Readers respond to the immediacy of the keitai novel, the sense that the authors are “talking” to them – partly because of the casual, conversational style of the writing. Keitai books can also be topical – if it’s university entrance exam season, for example, then that can be referred to in an ongoing keitai novel.

“We’ve discovered a new audience,” says Naitoh. “I receive emails from people who say that they’ve never read a book before – especially teenagers.” The teen market is potentially huge for the keitai publishing industry since Japanese teenagers, schoolgirls in particular, are wedded to their phones. Witness the current publishing phenomenon in Japan – the rise of the amateur keitai author – anonymous writers whose stories, usually tales of high-school romance, are plucked from mobile phone sites and propelled by word of mouth into best-selling print books.

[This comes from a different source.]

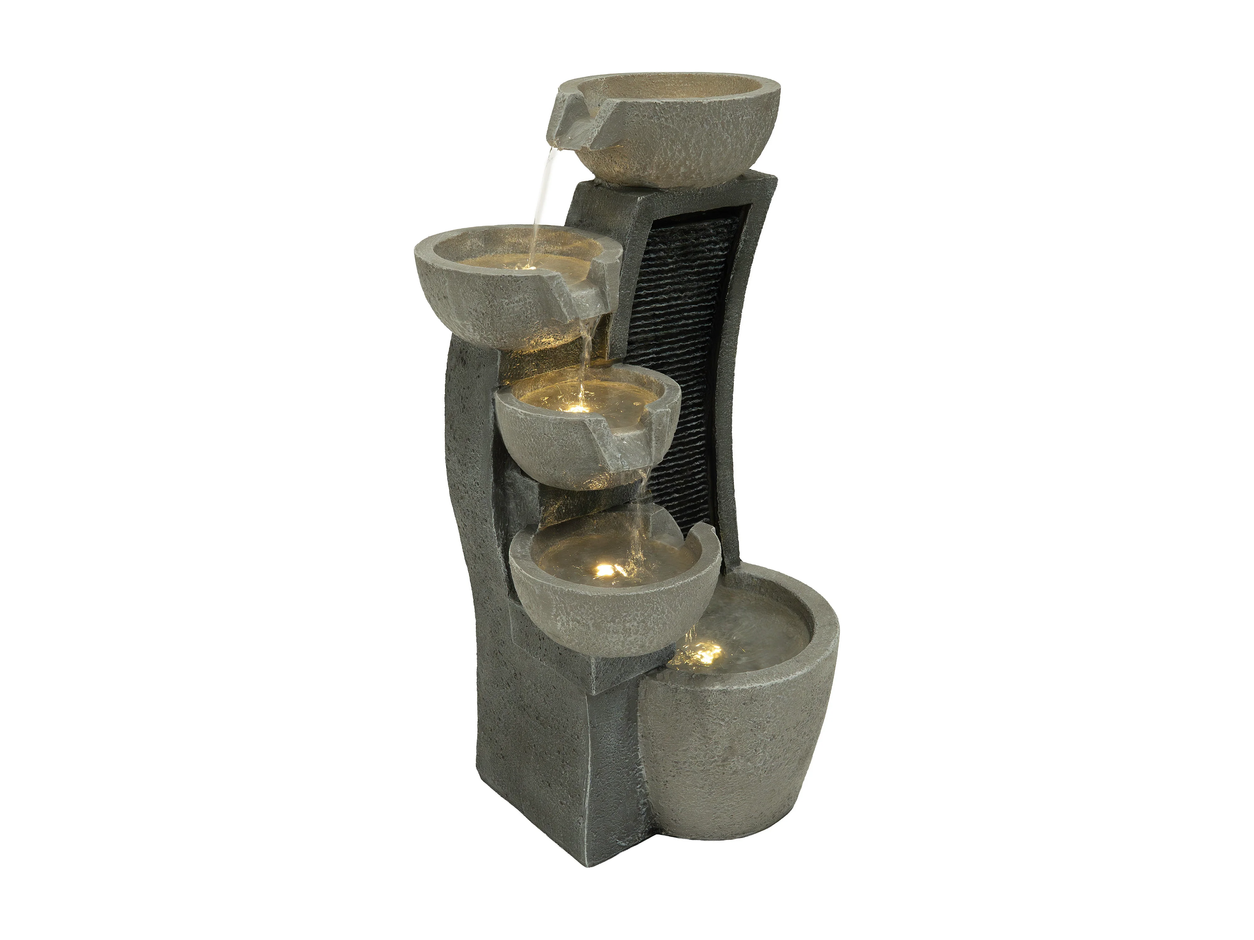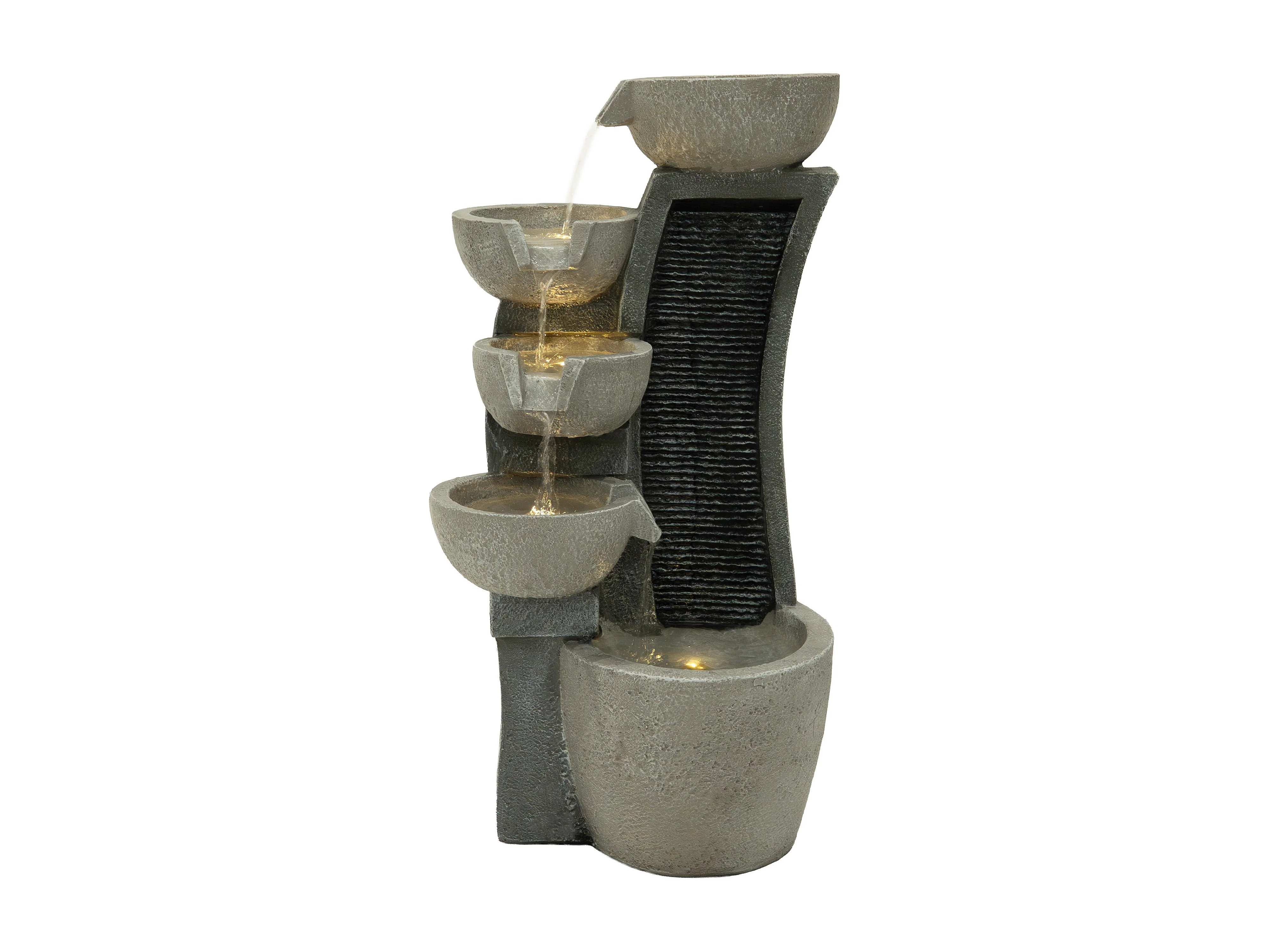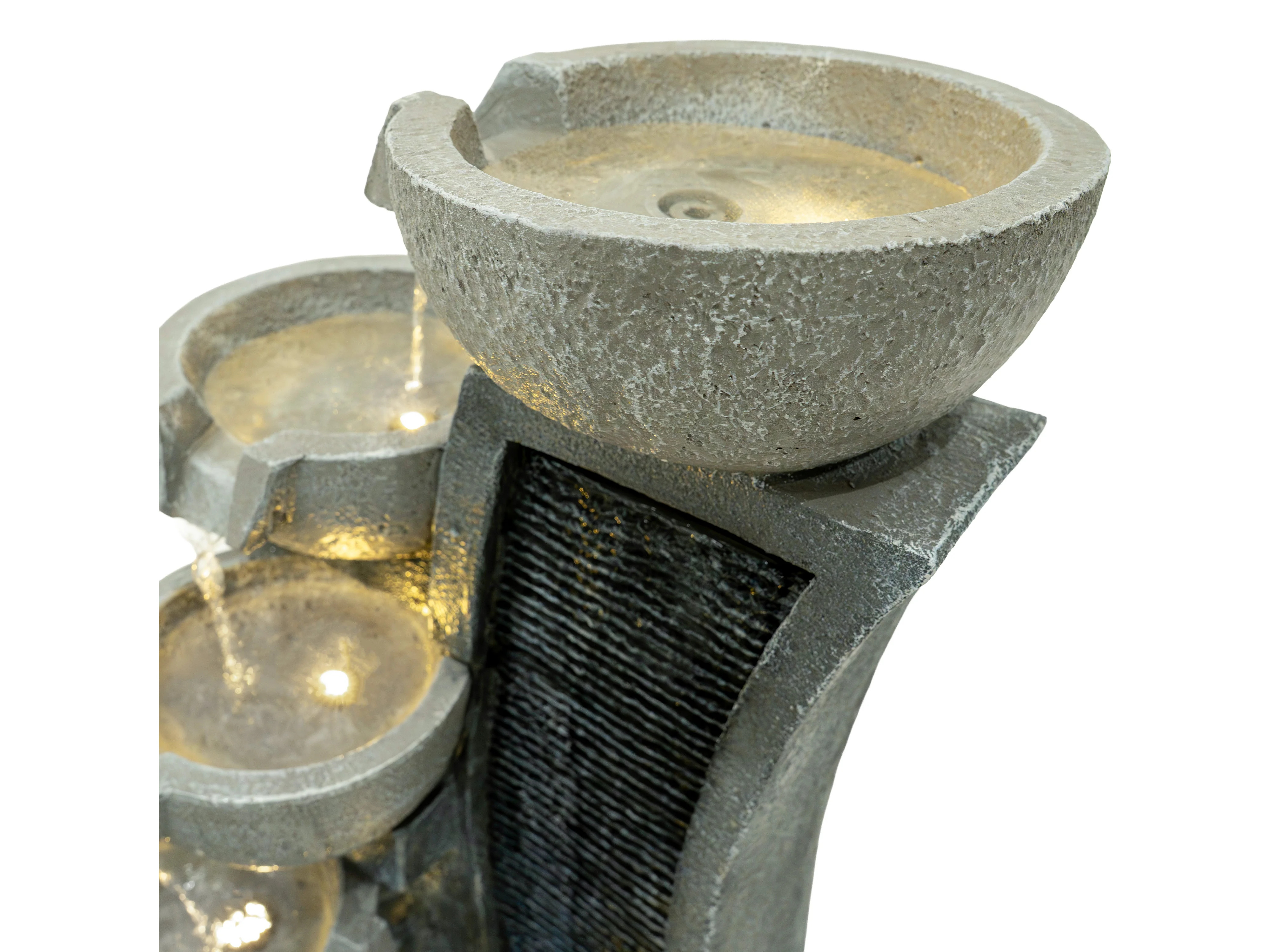 Kaskadierende Outdoor-Wasseranlage – Elektrischer Gartenbrunnen in Grau – 5 warmweiße LED-Leuchten – Sleek Streams

Critics mock the style of keitai writing: the short sentences, the limited use of Japanese characters and heavy use of phonetic spellings for words that have perfectly good characters. “Good keitai publishing has its own style,” says Nakamura. “It’s speedy and not too complicated; characters have to be limited.”

According to Naitoh, keitai writing is not as simple as it looks. “A regular novel might be structured in five chapters,” she says, “but I have to write 100 volumes, each one appealing enough that readers will want to see the next volume.” She calculates each one to be three minutes’ worth of reading, enough time to read between subway stations. “Japanese authors traditionally go in for long descriptive passages,” she says. “I don’t do that.”

The sales figures speak for themselves. Of the top 10 bestselling books in Japan in 2006, four began life as mobile phone novels. Yoshi was in there with his latest book, Angels with Broken Wings, Sky/Sea (Tsubasano Oreta Tenshitachi, Sora, Umi), which sold 1.2 million copies.

“Established writers tend to shy away [from keitai publishing], thinking they’re more ‘intellectual’,” says Naitoh. “Good book sales might be 10,000 but keitai access figures are much higher. It can be scary as we can see the results from day to day.” And what of the accusations that mobile phone literature is a sign of cultural dumbing down?

“Some people think that this isn’t real literature, but if you hear music on your mobile phone, it doesn’t make it any less like music. The keitai is just the medium. Anyway, there’s no single definition of ‘literature’, the main thing is that people are reading and enjoying it.”